Replay is one of my favorite novels of all time, an extremely imaginative look at the old question, “If you had your life to live over, what would you do?” The ending is just plain wonderful. One of the tragedies of Grimwood’s death was that he was working on a sequel; now we’ll probably never see it.
Replay is definitely a fascinating book, one that keeps twisting into directions that you never suspected.
Grimwood is one of those interesting one-book writers*, someone who had one huge overwhelming idea, executed it perfectly, and then never really lived up to that standard. Walter Miller, Ralph Ellison, Daniel Keyes, Thomas Heggen, Harper Lee; the list is endless.
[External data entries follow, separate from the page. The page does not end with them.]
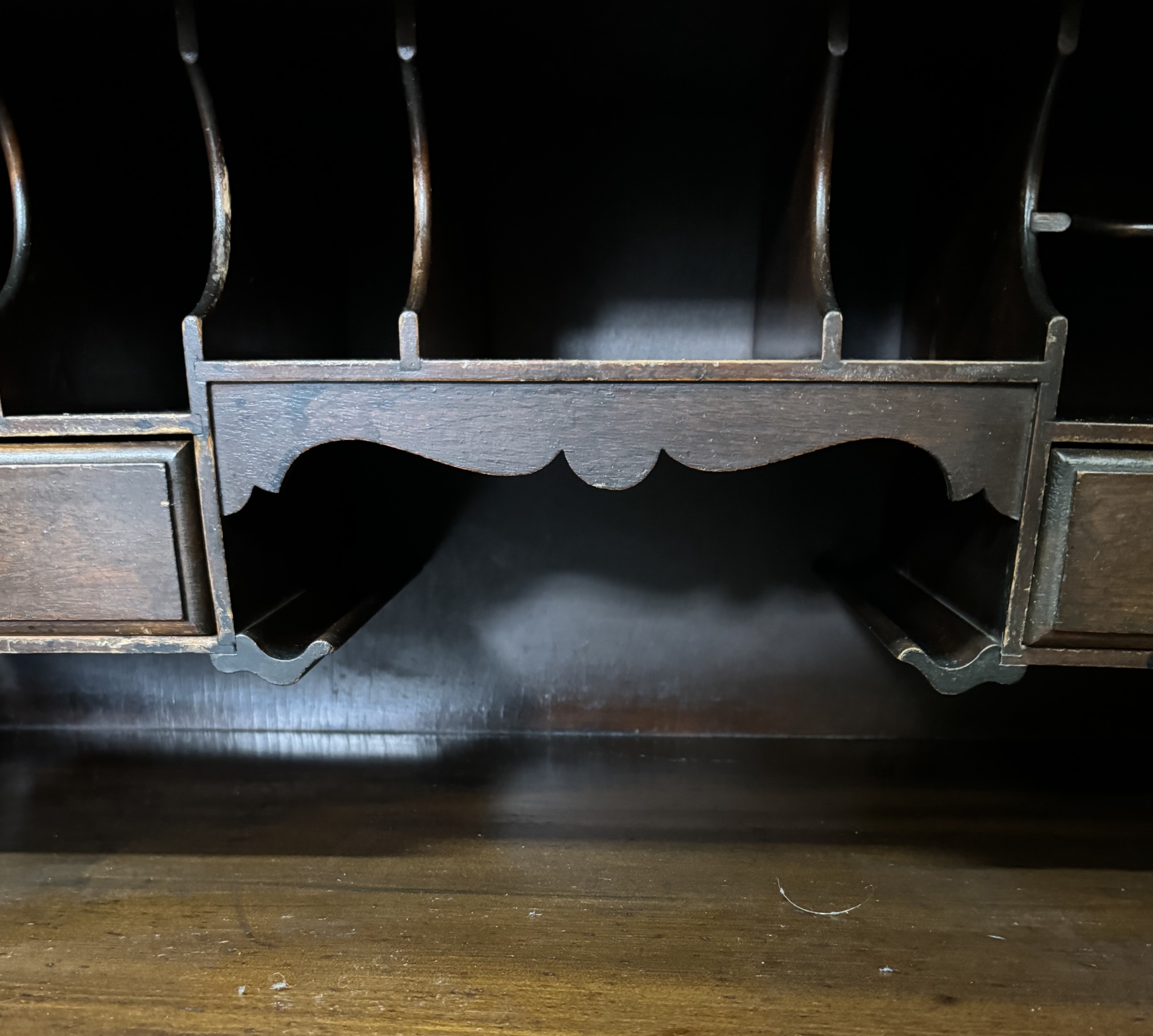 Vackert antikt engelskt skåp i valnöt George III, swan neck
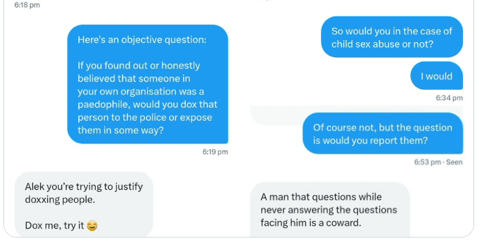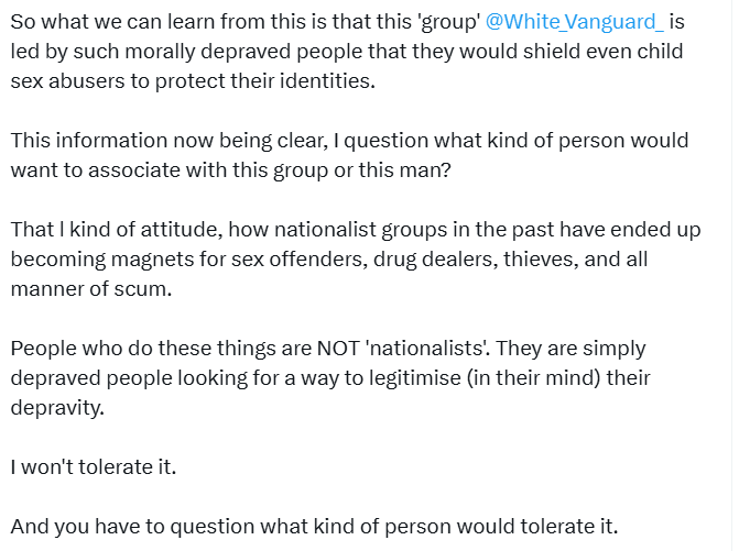 So, the question he put to White Vanguard was whether they would report a comrade who they knew, or had good grounds to believe, was a paedophile.
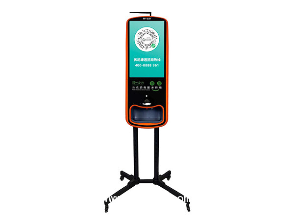 一款集手部消毒、人體測溫、信息展示、語音播報于一體的手消機
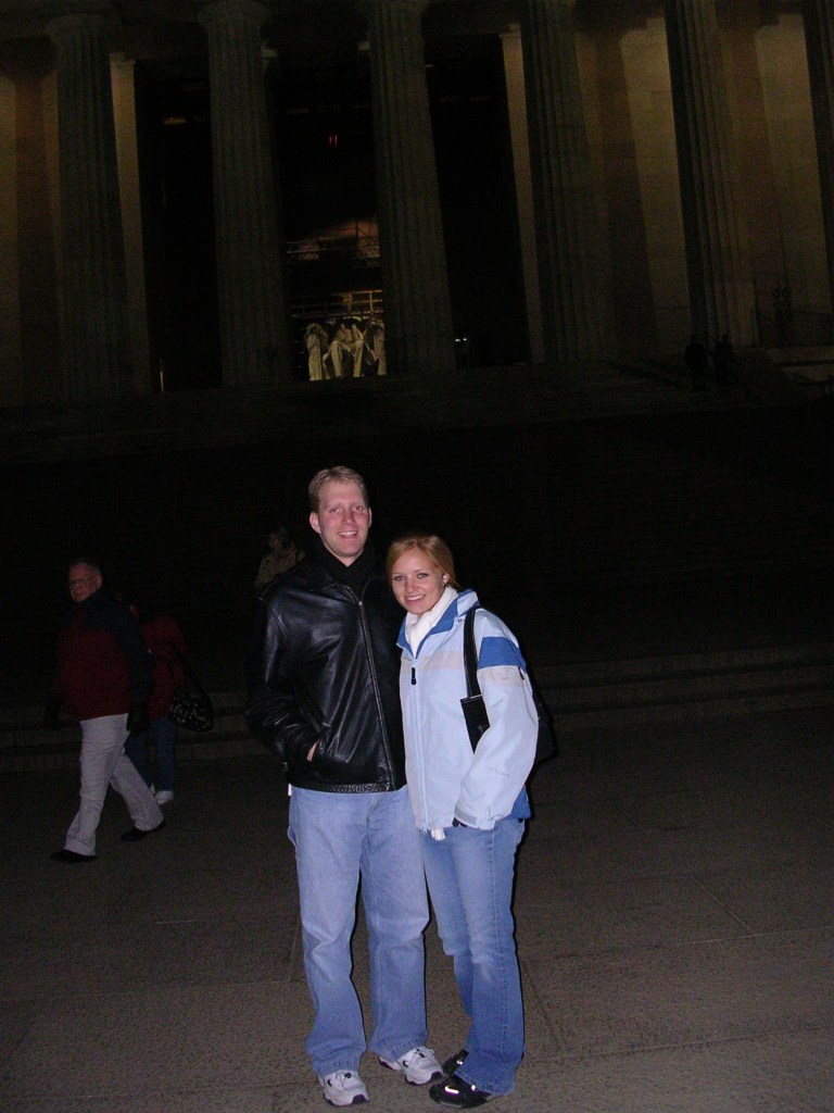 Amanda and Paul Ross with Washington Monument in background 2005 from Lincoln Memorial
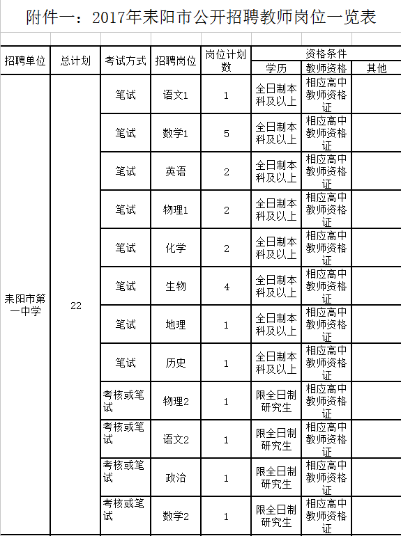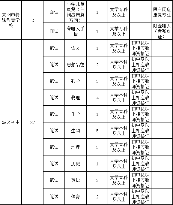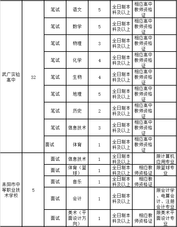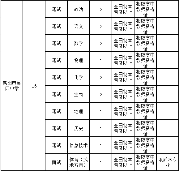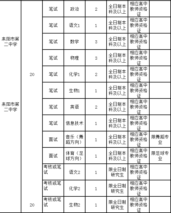 3.年龄在35周岁以下(1982年1月1日以后出生),其中报考耒阳一中、二中、四中、武广实验高中、中等职业技术学校招聘岗位且有5年及以上耒阳市高中(中等职业技术)学校任教经历的以及报考特殊教育招聘岗位的,年龄放宽到40周岁(1977年1月1日以后出生);
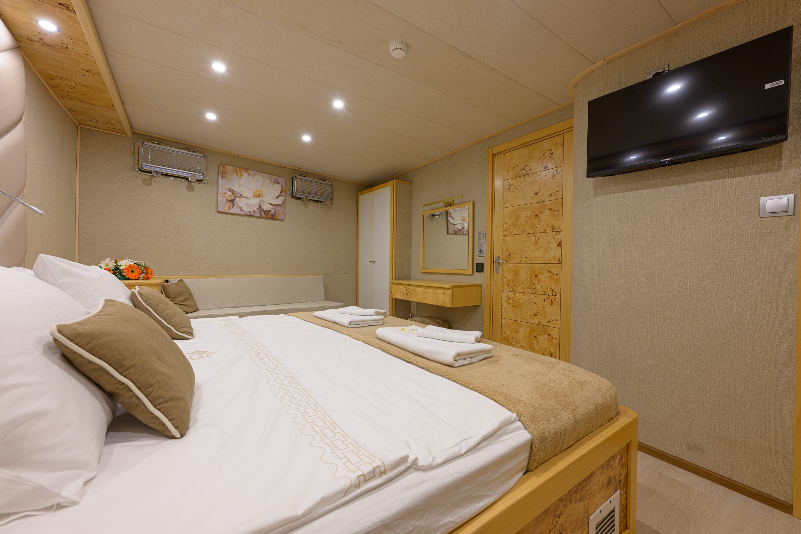 Belgin Sultan welcomes up to ten guests in five comfortable cabins, including one master and four double cabins. Each cabin has its own private bathroom and is fully air-conditioned, offering a quiet space to rest after a day at sea. Soft lighting, warm details, and high-quality bedding create a cozy atmosphere that feels calm and inviting.
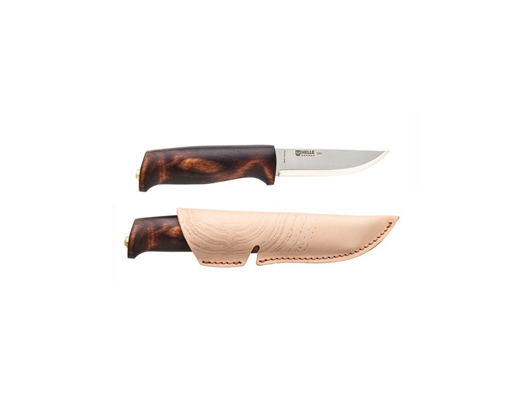 Nôž Gro je vyrobený tak, aby vás spájal s prírodou. Klasický nôž v škandinávskom štýle. Nôž Gro je krásny poľovnícky nôž strednej veľkosti so zámerom vyplniť medzeru medzi nástrojmi Spire a zvyškom rady nožov Helle. Rukoväť z brezového dreva bola našimi remeselníkmi tvarovaná a brúsená do konečného tvaru a zafarbená na tmavo. Tvar má ponúknuť bezpečné uchopenie bez toho, aby používateľa obmedzoval, ale umožňoval mu vyvíjať techniky vyrezávania. Čepeľ je dlhšia, čo znamená, že zvládne väčšie kusy dreva - alebo ťažšie práce okolo táboráka. Rukoväť je tiež dlhšia a ergonomicky prispôsobená pre väčšie ruky.

*I know that Grimwood has written other books but I never met anybody who read any.
So sorry to hear that Ken Grimwood passed away. Replay is just an extraordinary book, which I first read shortly after it was first published as a paperback. I had long wanted to see it done as a movie, but after Groundhog Day was released, I felt that its chances probably became diminished.
And for those of you who haven’t read the book, go out and find a copy and read it. Replay is something special.